As investment banks turn ever more to proprietary trading to make profits amid the market slowdown, their reported earnings are becoming increasingly volatile. This quarter, Goldman made a bundle and JPMorgan took a hit. Next quarter, who knows? Investors and ratings agencies are becoming worried.

October 16 is a day many have marked on their calendars. Employees, investors, analysts, regulators and competitors are all eager, for a variety of reasons, to hear JPMorgan Chase's third-quarter results.

The question they all want answered is: what went wrong? How could a bank that prided itself on its risk management culture suffer a double whammy in its trading and loans businesses which, combined, as David Hendler, banks analyst at independent research firm CreditSights points out, "will probably lop $2 billion or more from pre-tax income which may turn into a substantial loss for the quarter"?

Trading is one of the bank's core businesses, and one of its most reliable performers. It usually brings in roughly $1.5 billion in revenues each quarter. Total revenues for July and August, though, were just $100 million, executives said. And the vast majority of the drop in what Merrill Lynch banks analyst Judah Kraushaar dubbed "oppressive trading results" came from proprietary trading.

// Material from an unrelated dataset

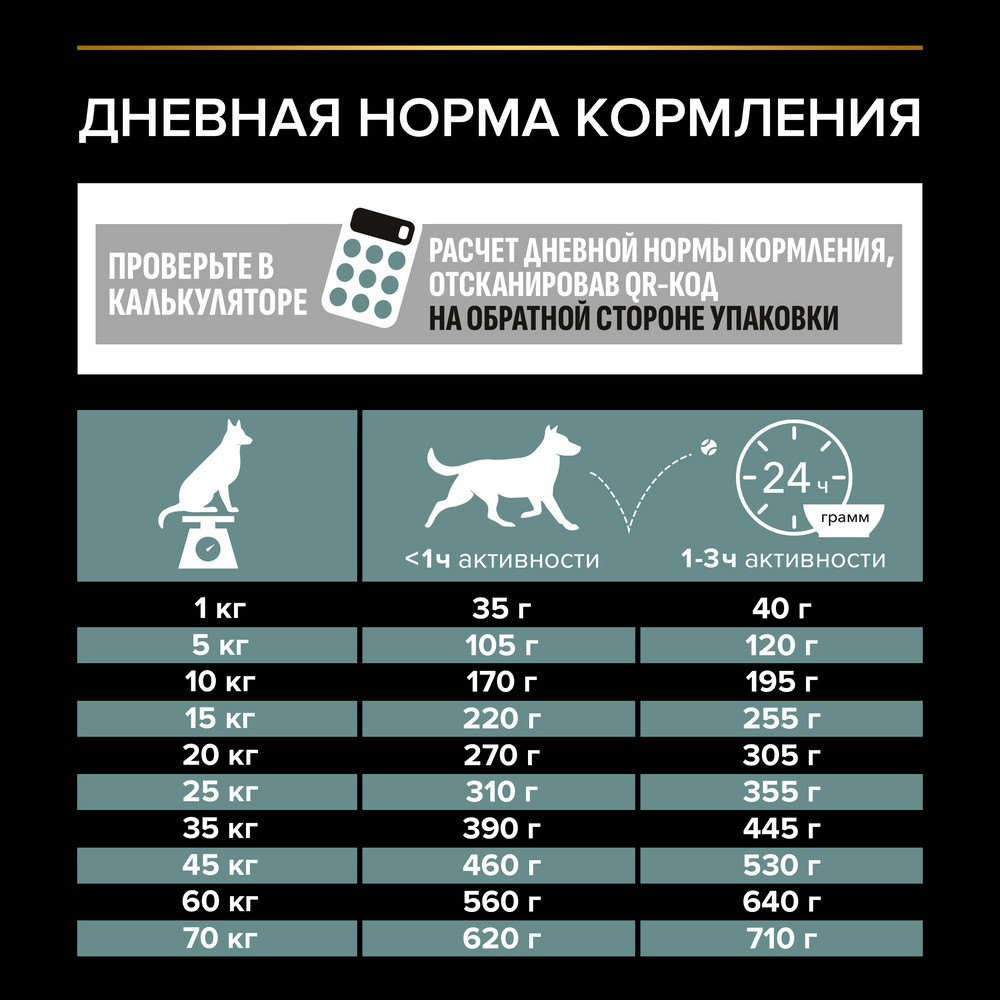 Индивидуальную норму кормления собаки с учетом ее возраста, размера и индивидуальных потребностей вы можете рассчитать в специальном калькуляторе.

It was becoming increasingly likely that at least one firm was going to take a prop trading hit at some point. As Euromoney reported in August, almost all the major US banks and brokers have increased their reliance on proprietary trading strategies to boost earnings, which for two years have been suffering from a dearth of the fee-income investment-banking business that had proved so plentiful in the bull market.